In data analytics, missing data is a factor that degrades performance. Incorrect imputation of missing values could lead to a wrong prediction. In this era of big data, when a massive volume of data is generated in every second, and utilization of these data is a major concern to the stakeholders, efficiently handling missing values becomes more important. Let's apply Imputation on the above data.

In [None]:
missingdf=(round(train.isnull().sum()*100/train.shape[0],2)).to_frame('MissingValues').sort_values('MissingValues',ascending=False)
missingdf

**if there is a larger number of missing values, then it can be better to drop those cases (rather than do imputation) and replace them.Because if we impute those missing values it will adversely affect the performance and accuracy of any machine learning algorithm**

In [None]:
dropNull=list(missingdf[missingdf["MissingValues"]>25].index)

In [None]:
dropNull

In [None]:
cleandf=train.copy()

In [None]:
cleandf.drop(dropNull,axis=1,inplace=True)

In [None]:
missingdf=(round(cleandf.isnull().sum()*100/train.shape[0],2)).to_frame('MissingValues').sort_values('MissingValues',ascending=False)
missingdf[~(missingdf['MissingValues']==0)]
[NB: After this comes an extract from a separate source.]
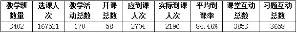 永利官网师生在雨课堂平台使用情况,根据大数据统计,由此查看本周教学班数量3402个、教学活动总数170、开课总数58门、应到课人次2704、实际到课人次2196、课堂互动总数3853、平均到课率84.46%、习题互动总数3658,详情见下表: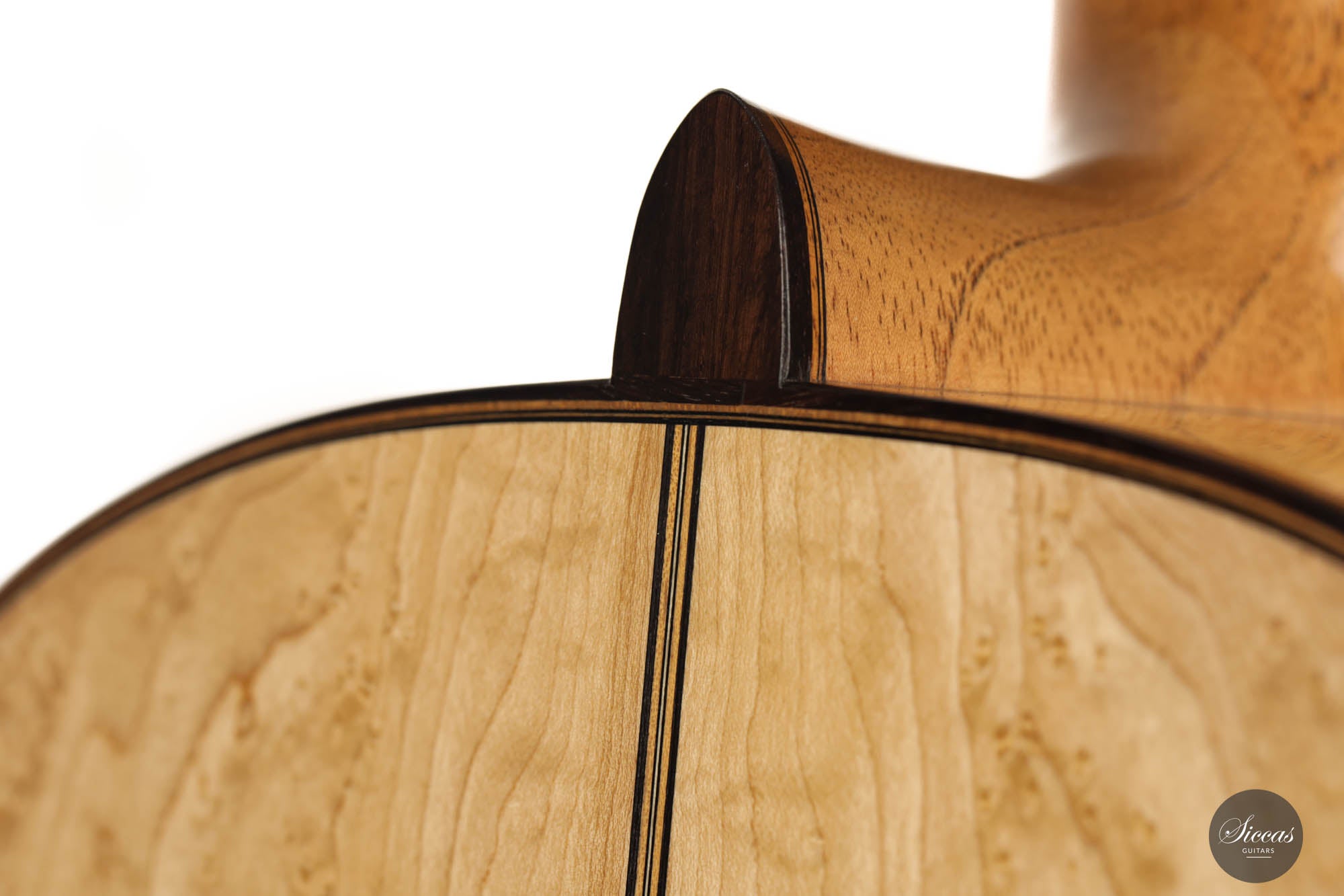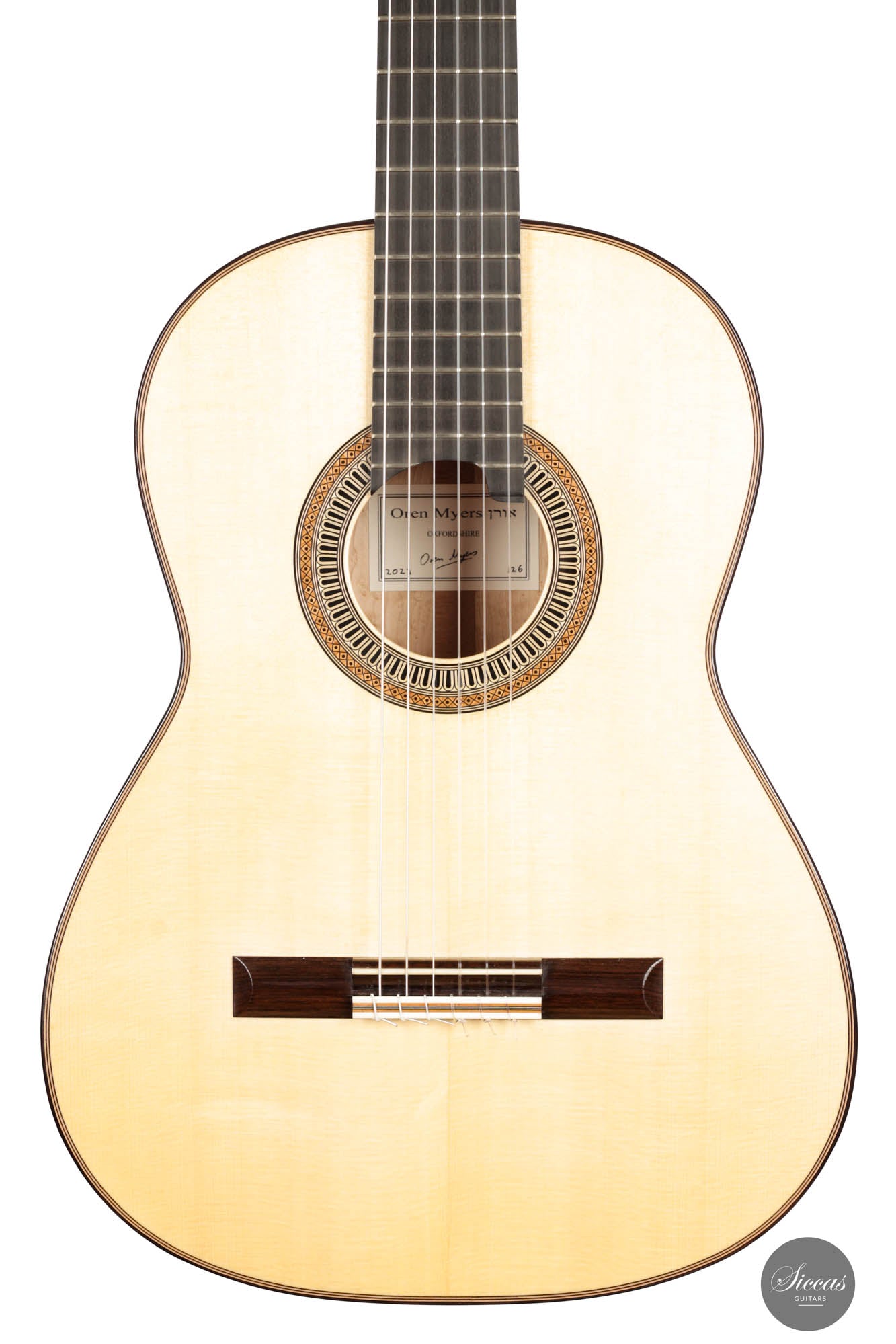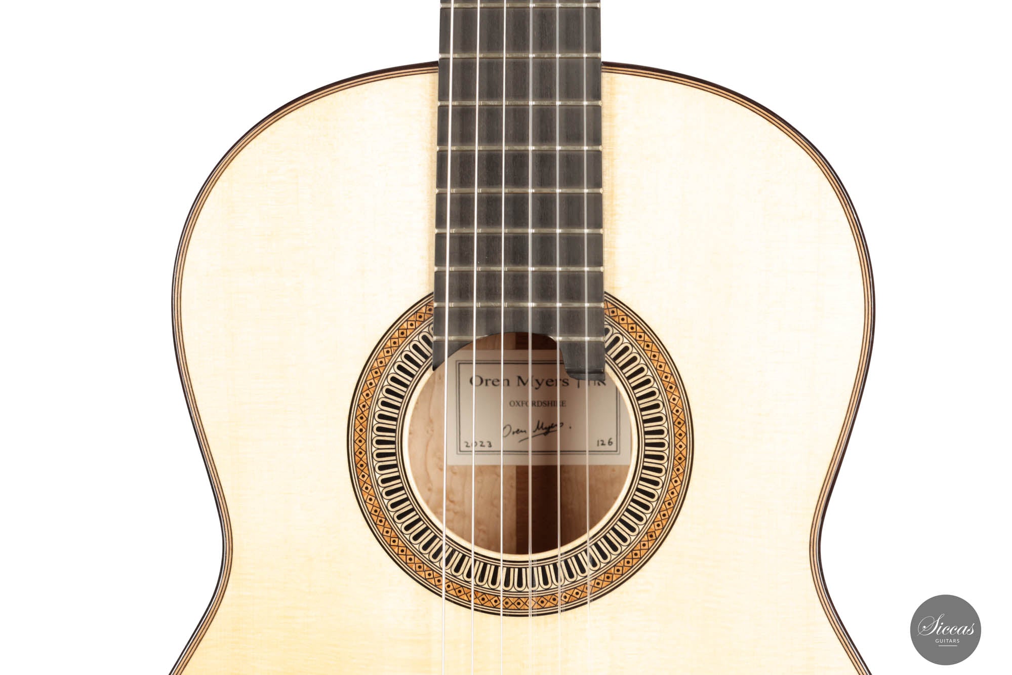 The design of Oren Myers' guitars and the construction methods he uses fall into the broad category of "traditional" guitars. Although he works within established parameters, he does not copy any particular guitar maker or construction method. Each tonewood is unique; therefore, the exact thickness of the components of each guitar is adjusted accordingly. The body shape is the result of his plantilla and the decorative elements of the guitars are also created by him.

As above observation we have only 1 value for column 'last_date_of_month_6', 'last_date_of_month_7', 'last_date_of_month_8' hence they are not adding any significance to our value, Hence we can remove these columns along with 'date_of_last_rech_6', 'date_of_last_rech_7', 'date_of_last_rech_8','id','circle_id'

In [None]:
cleandf.drop(['date_of_last_rech_6', 'date_of_last_rech_7', 'date_of_last_rech_8','last_date_of_month_6', 'last_date_of_month_7', 'last_date_of_month_8',"circle_id","id"],axis=1,inplace=True)

In [None]:
missingdf=(round(cleandf.isnull().sum()*100/train.shape[0],2)).to_frame('MissingValues').sort_values('MissingValues',ascending=False)
missingdf[~(missingdf['MissingValues']==0)]
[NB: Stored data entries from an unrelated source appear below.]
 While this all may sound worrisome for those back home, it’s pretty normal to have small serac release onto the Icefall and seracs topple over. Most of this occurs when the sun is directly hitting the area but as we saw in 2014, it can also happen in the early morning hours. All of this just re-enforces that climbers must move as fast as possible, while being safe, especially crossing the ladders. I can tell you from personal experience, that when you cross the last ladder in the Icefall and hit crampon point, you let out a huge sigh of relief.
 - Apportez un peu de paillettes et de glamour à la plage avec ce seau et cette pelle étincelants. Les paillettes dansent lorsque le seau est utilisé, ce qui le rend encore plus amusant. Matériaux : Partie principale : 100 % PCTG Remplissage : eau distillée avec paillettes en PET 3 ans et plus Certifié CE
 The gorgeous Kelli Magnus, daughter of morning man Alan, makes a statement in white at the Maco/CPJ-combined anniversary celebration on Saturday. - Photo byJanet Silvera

Now our next step will be Estimate missing values using **Multiple Imputation by Chained Equations (MICE)**
<br />
**The MICE Algorithm**
<br />
[![image.png](attachment:ba2979b4-52a7-45cf-87e5-07b33bb4b57c.png)

In [None]:
##MICE Takes time to run, so we need to use GPU or TPU for fast processing
cleanimp=mf.ampute_data(cleandf,perc=0.25,random_state=1991)

In [None]:
# Create kernels.
kernel = mf.ImputationKernel(data=cleanimp,datasets=1,save_all_iterations=True,random_state=1991)
# Run the MICE algorithm for 3 iterations on each of the datasets
kernel.mice(3,verbose=True)

**Saving All Kernel Impute Dataset**

In [None]:
dataset_0 = kernel.complete_data(dataset=0, inplace=False)

In [None]:
dataset_0.to_csv("/kaggle/working/dataset_0.csv")

In [None]:
missingdf=(round(dataset_0.isnull().sum()*100/train.shape[0],2)).to_frame('MissingValues').sort_values('MissingValues',ascending=False)
missingdf[~(missingdf['MissingValues']==0)]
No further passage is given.